HashiCorp's Vault

HashiCorps Vault received the highest score in an comparative analysis of KMS's in this paper, is open-source and widely used. Running in an enclave, it provides the cluster with a secure way of data-at-rest encryption, secret storage and authorized access to secrets. Enclaive provides an authentication plug-in for an enclaved Vault for RA-TLS secret provisioning. Because the plug-in is used to create a proof-of-concept, this section describes how it works.

Enclaive's RA-TLS plug-in workflow

To not have to modify the application, Enclaive integrates a binary, called pre-main, into each enclave, which executes before the main application. This is done for each container containing an enclave, including the Vault, since it is also a container. There are two of such binaries, one for the Vault and one for enclaves requesting secrets of the Vault. In case of the Vault, the pre-main generates a self-signed TLS certificate, that is later used by the Vault for all incoming TLS connections, and hosts an API endpoint for the cloud customer, which returns the attestation report. The Vault's certificate is extracted from the TLS connection. Now, the cloud customer has to verify the attestation report, before configuring the Vault, to check, if the measurements and attributes are as expected and the certificate chain is valid. Furthermore, the attestation report holds the certificates hash in the optional user-data field and the cloud customer has to verify, that the hash of the extracted TLS certificate matches the hash in the user-data field. Since only the Vault should know the private key, the verifier can be confident that this certificate belongs to the enclave referenced in the attestation report and the Vault started with the right measurements. (Step 1 figure above)

In Gramine, the enclaved applications have to provide an interface for remote attestation report requests and is not provided automatically. After the endpoint of the Vault's pre-main to receive the attestation report is called, for a user-defined amount, the pre-main starts the Vault (Step 2.). Now, the cloud customer is able to initialize the Vault after verification by using TLS and the earlier provided certificate to authenticate the Vault (Step 3). The initialization returns an admin-token and an unseal key for the Vault. Both values can be stored in a hardware security module (HSM) to protect the secrets. Authentication plug-ins are only installable, after the initialization of the vault, thus by providing the admin-token, the cloud customer now needs to install the RSA-TLS authentication plug-in. So, the plug-in is not covered by the Vault's measurement.

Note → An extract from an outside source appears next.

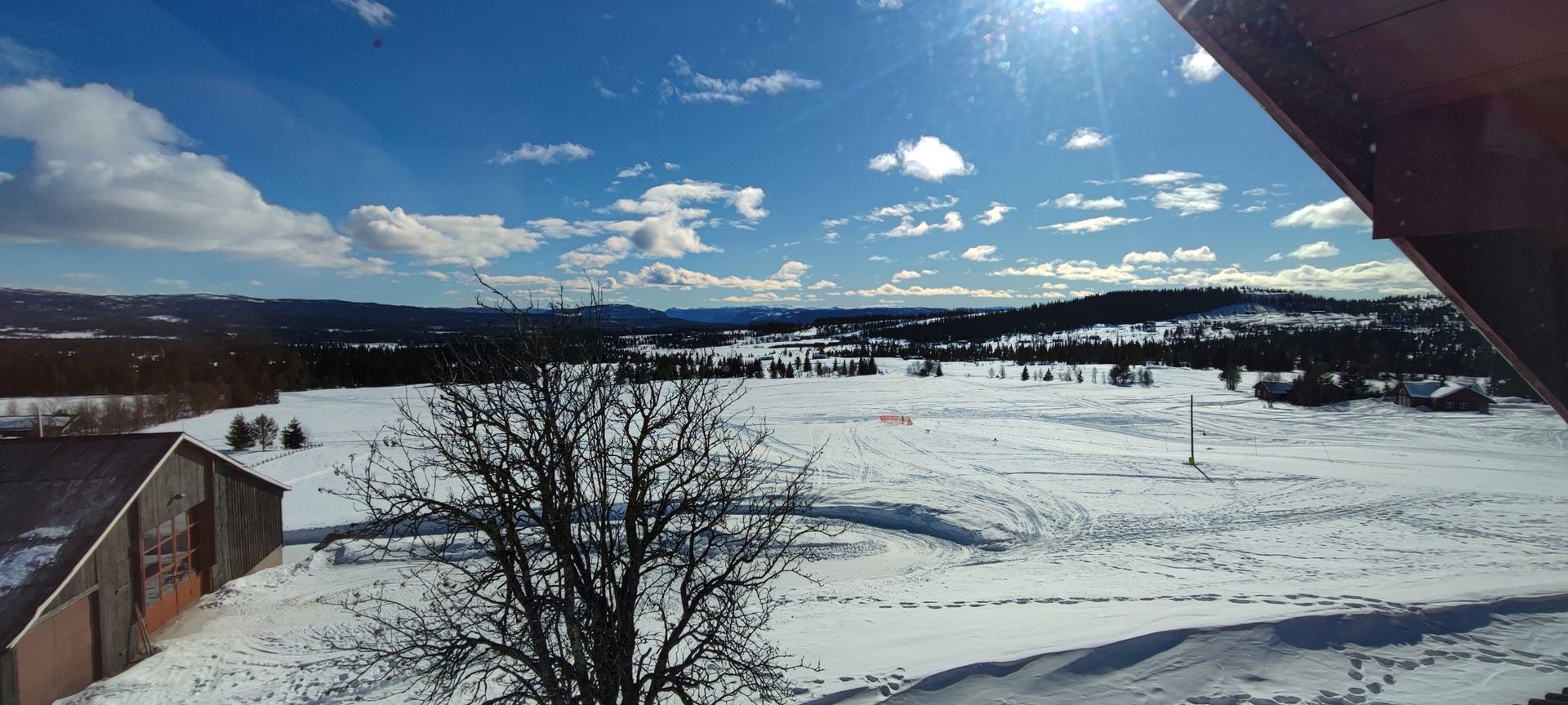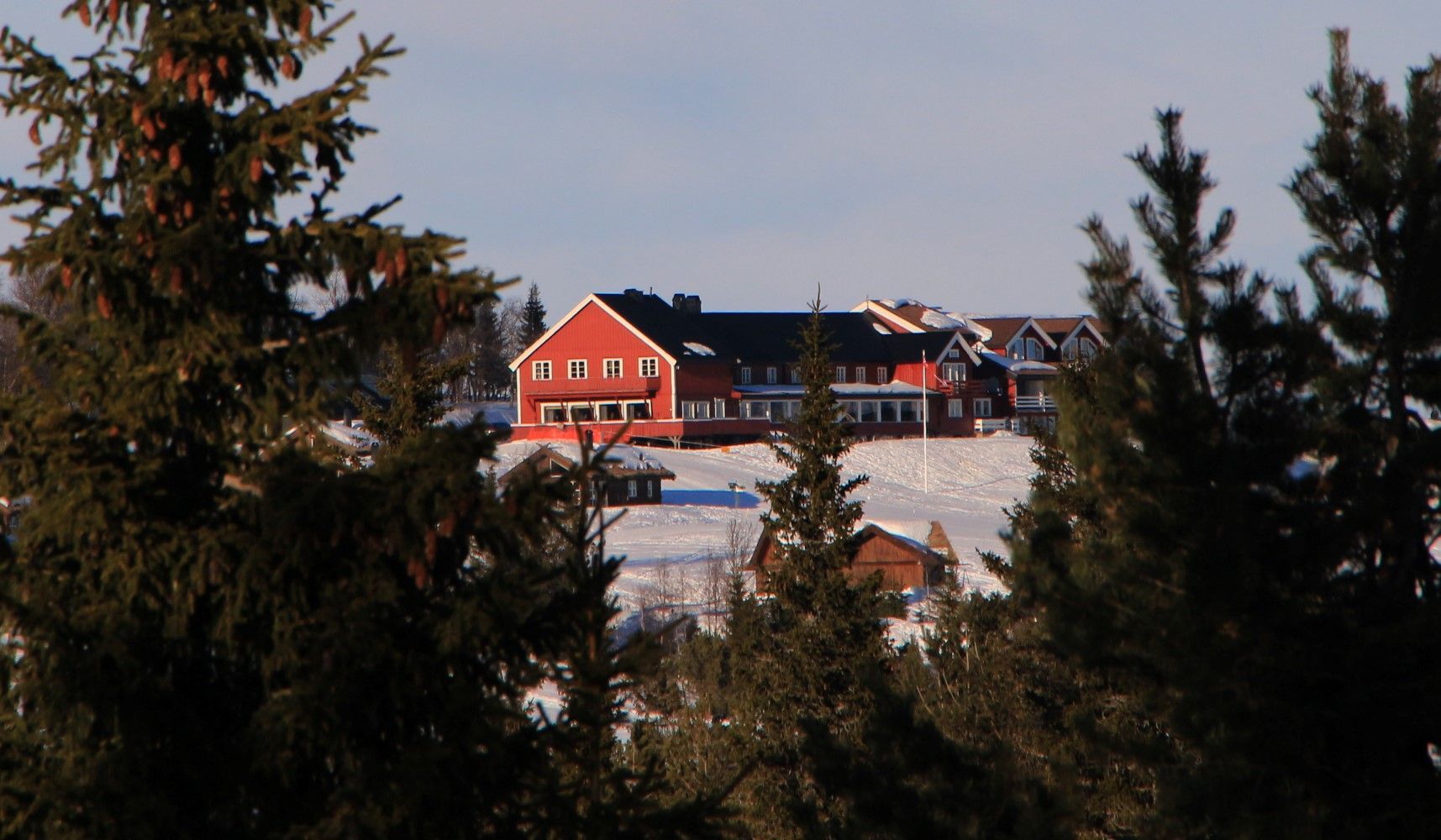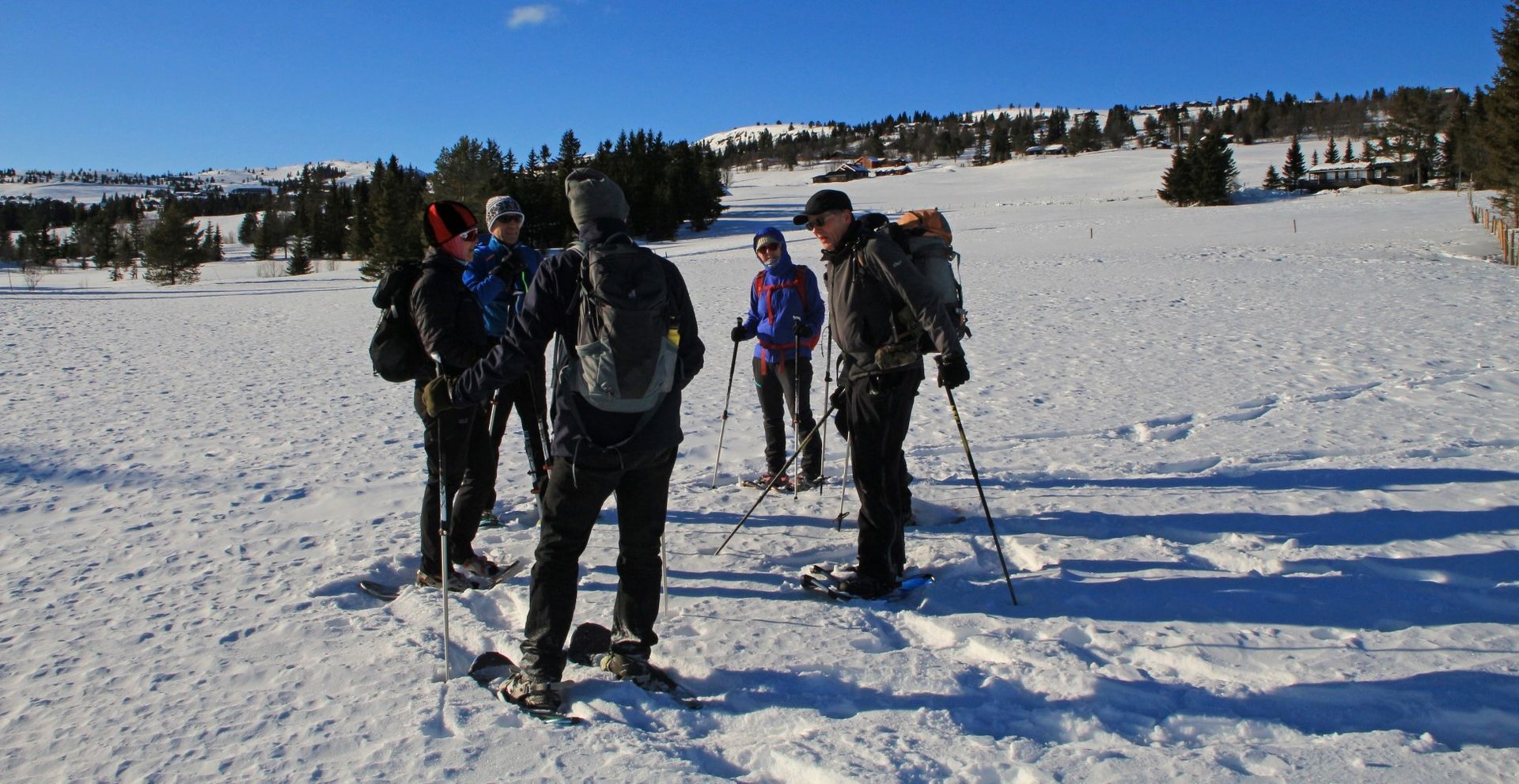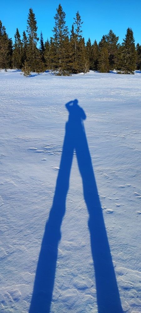 Op het vliegveld van Oslo worden we opgehaald door het hotelbusje dat ons in 3 uur naar het hotel brengt. We kunnen meteen op de kamers en ik heb een kamer met een prachtig weids uitzicht over de omgeving. Het is prachtig zonnig weer en er licht veel sneeuw. Dus een prima reden om in de middag alvast de sneeuwschoenen te passen en een korte wandeling te maken. De eerste stappen is altijd even wennen, maar na een korte instructie van Jan Karel, zoals over een hekje stappen en de langlaufloipes vermijden, stappen we vrolijk rond. De laagstaande zon geeft een mooi strijklicht en lange schaduwen. Na ruim 1,5 uur zien we het hotel tussen de dennenbomen te voorschijn komen, een prima inloop tochtje.

Moreover, a cloud customer has to configure a user for every enclave requesting secrets from the vault. This user holds a unique username, called enclave name, and the enclave's measurements. Subsequently, a secret associated with one or more users can be created for provisioning. Additionally, every enclave receives a certificate, which can be used for in-cluster authentication. For security reasons, the vault creates a root CA and an intermediate CA. Only the intermediate CA, signs the certificates for the enclaves. Should an enclave have a security vulnerability inside it's code, which allows an attacker to read the private key of it's certificate, the intermediate CA can be rotated. Finally, when the enclave is launched, it's pre-main starts first, which in return requests a quote, creates a self-signed certificate including the enclave name as the subject-name and quote in an extensions field, uses the self-signed certificate to establish a RA-TLS connection to the vault and requests a secret (step 4.). On the basis of the certificate, the Vault verifies the attestation report and the subject-name, logs the user in and authorizes the access if the secret is associated with that user. After receiving the secret, the pre-main can passes it as an argument or environment variable to the main application and start it (Step 5.). Because the RAM is encrypted, this is safe to do. The certificate, which is public information, can be written to disk. Should a decryption key be provisioned, Gramine stores it RAM and uses it to encrypt and decrypt the specified file paths. HashiCorps Vault is only one example of a KMS and therefore the following sections will continue to refer to KMS's in general terms.